Kenney Shelton Liptak Nowak LLP, Buffalo (Wendy A. Scott of counsel), for defendants-respondents-appellants.

Appeal and cross appeal from an order of the Supreme Court, Erie County (Joseph R. Glownia, J.), entered January 3, 2008 in a personal injury action. The order denied plaintiffs' motion for partial summary judgment and defendants' cross motion for summary judgment.

It is hereby ordered that the order so appealed from is unanimously affirmed without costs.

Memorandum: Plaintiffs commenced this Labor Law and common-law negligence action seeking damages for injuries sustained by Dennis R. Cromwell (plaintiff) when he fell from a ladder while attaching siding to rental property owned by defendants. Plaintiffs appeal and defendants cross-appeal from an order denying plaintiffs' motion for partial summary judgment on liability with respect to the Labor Law § 240 (1) claim and denying defendants' cross motion for summary judgment dismissing the complaint. We affirm.
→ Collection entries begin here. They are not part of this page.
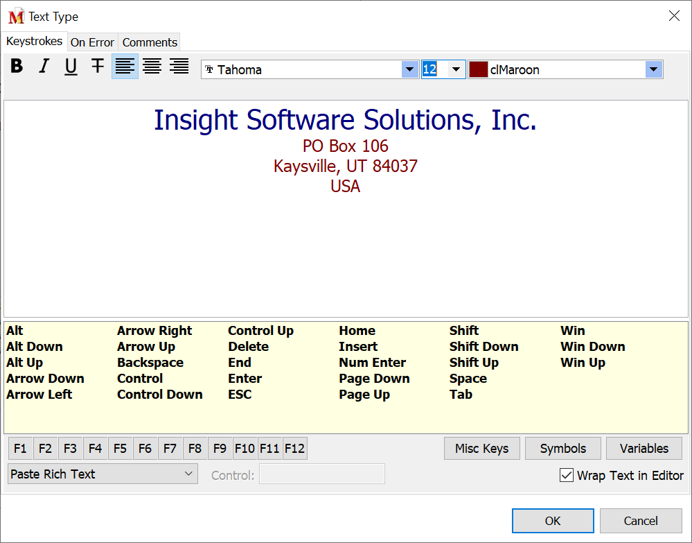 Macro Express Pro has the ability to play back text in a rich text format. Select the Paste Rich Text option from the drop down menu to display the rich text editor options. Create the rich text content directly in the Text Type command or copy the rich text from another source and paste it into the edit box.
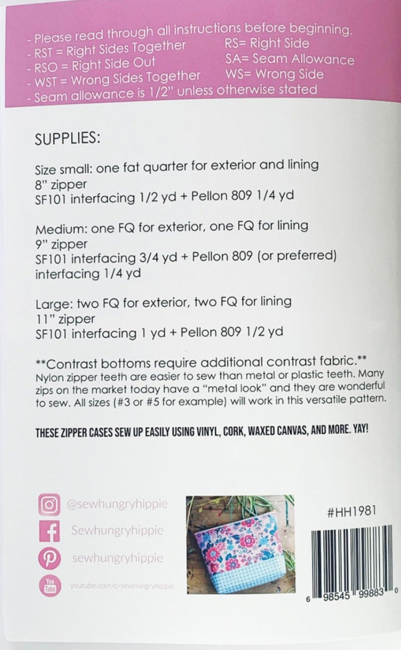 Sewing Zipper Cases is EASY with this sewing pattern. These cases are easy to sew up and make great gifting or selling. This pattern has instructions for three sizes, complete with digital drawings are full color photos. Tips and tricks are highlighted throughout to help you through the making process. Perfect for vinyl, cork, canvas, or quilting cotton.
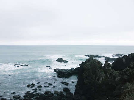 Vibrant beautiful coast of sea of Japan . Ocean horizon. Nautical background
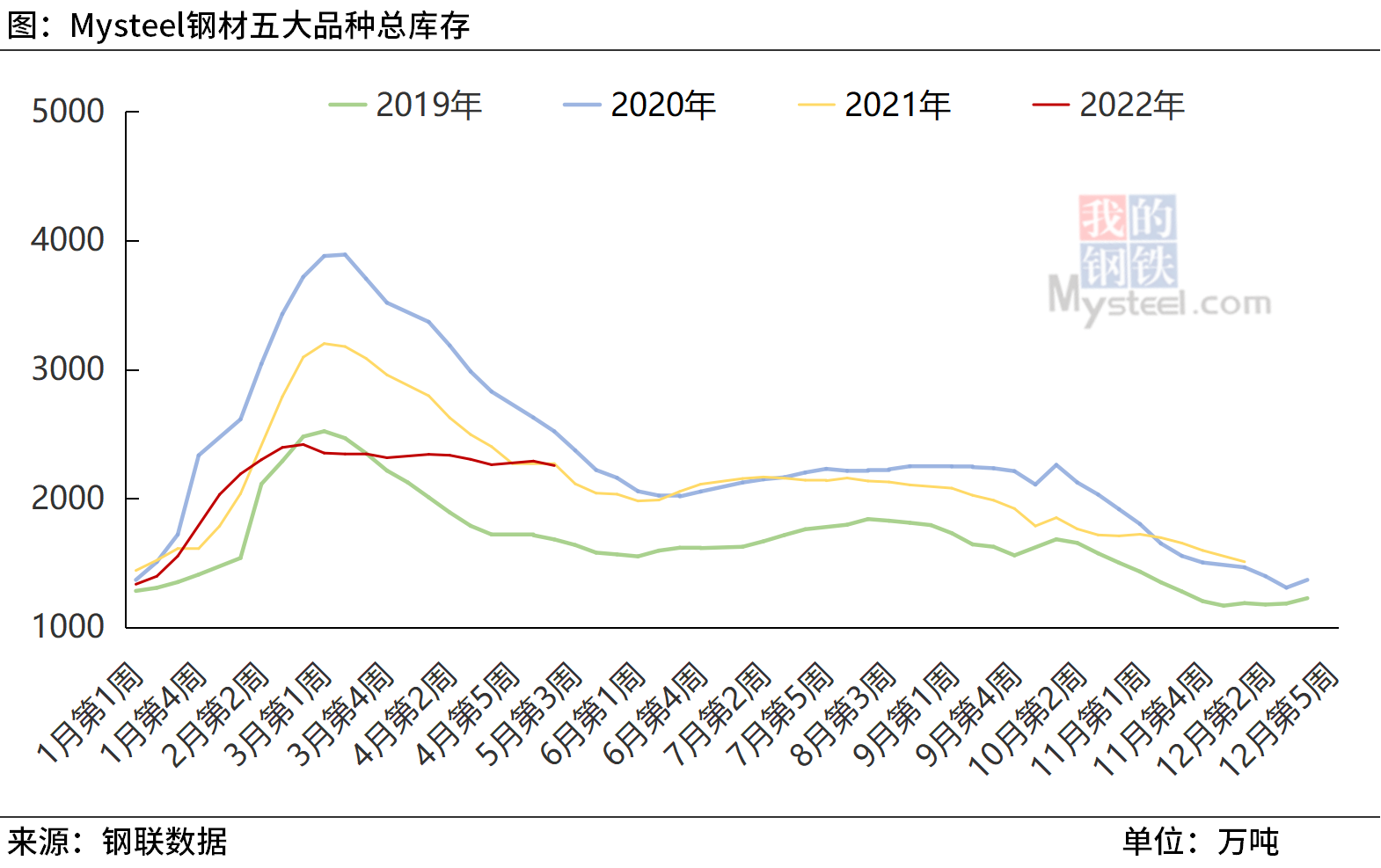 這種狀況即便在受到疫情沖擊的2020年也未曾出現(xiàn)過(guò),市場(chǎng)對(duì)此憂(yōu)慮重重,去庫(kù)姍姍來(lái)遲確實(shí)增大了市場(chǎng)風(fēng)險(xiǎn),甚至有人擔(dān)心形成“堰塞湖”。但另一方面看,雖然去庫(kù)存緩慢,但絕對(duì)水平并不算太高。首先,年內(nèi)庫(kù)存的高點(diǎn)創(chuàng)下2018年以來(lái)新低,其次,目前的庫(kù)存水平與去年同期基本持平。從庫(kù)存結(jié)構(gòu)看,五大品種鋼材社會(huì)庫(kù)存尚在可承受范圍,鋼廠庫(kù)存相對(duì)壓力更大一些,上周數(shù)據(jù)為700.59萬(wàn)噸,同比增22%。
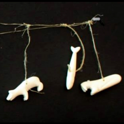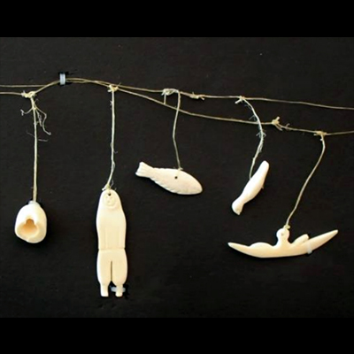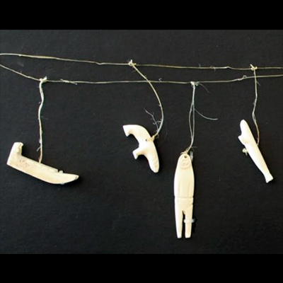 A synopsis of the Inuit world done in small ivory carvings suspended from a circular band of gut. Twelve different carvings depict: (left to right)Dogsled, bear, man, seal, igloo, woman, fish, bird, kayak, dog, whale and walrus.Approximate diameter is one foot with carvings 1″ to 1.5.”We have come across exciting new pieces from a collector who put together his fabulous Inuit collection in the 1960’s and 1970’s. Having immigrated from Germany to British Columbia in 1952, he rapidly gained an appreciation and passion for the rich cultural heritage of Canada. In British Columbia he made personal connections with many inspiring Northwest Coast Native artists such as Ellen Neel and Rufus Moody and developed a strong interest in the retelling of their mythology through art and carving. But he was also intrigued by the Inuit art ? the keenness of their observation of their lifestyles and the hunt which the Inuit carvers simply and beautifully retold through their tools and soapstone. He acquired his pieces from La Federation des Cooperatives du Nouveau-Quebec as well as La Societe Cooperative de Povungnitik. He had the opportunity to personally visit the Federation des Cooperatives du Nouveau-Quebec in the early 1970’s where he acquired many of his favourite pieces. He kept many of the pieces for himself but also resold many carvings as a means of financing his collection. As this was a time long before the internet, photocopiers and digital cameras he spent countless hours sketching each piece with carbon copies to send to interested buyers, predominantly in Germany. He passed away in 1990 and the family, in the interest of downsizing , has finally decided it is time to find a new home for this treasured collection.

To be entitled to the protection of Labor Law § 240 (1), a plaintiff must "demonstrate that he [or she] was both permitted or suffered to work on a building or structure and that he [or she] was hired by someone, be it [the] owner, contractor or their agent" (Stringer v Musacchia, 11 NY3d 212, 215 [2008] [internal quotation marks omitted]; see Whelen v Warwick Val. Civic & Social Club, 47 NY2d 970 [1979]). It is well established that Labor Law § 240 (1) does not afford protection to volunteers (see Mordkofsky v V.C.V. Dev. Corp., 76 NY2d 573, 577 [1990]; Whelen, 47 NY2d 970 [1979]; Fuller v Spiesz, 53 AD3d 1093, 1094 [2008]), and here there is an issue of fact whether there was an agreement pursuant to which plaintiff was to perform a service in return for compensation, thus rendering him an employee rather than a volunteer (see Stringer, 11 NY3d at 215-216). Contrary to the further contention of defendants, Supreme Court properly denied those parts of their cross motion for summary judgment dismissing the Labor Law § 200 claim and common-law negligence cause of action. Even assuming, arguendo, that defendants met their initial burden by establishing that they did not supervise or control plaintiff's work and that they lacked actual notice of the alleged dangerous condition, we conclude that they failed to establish that they lacked constructive notice of that alleged condition (see generally Fuller, 53 AD3d at 1095). Present—Scudder, P.J., Hurlbutt, Martoche, Smith and Centra, JJ.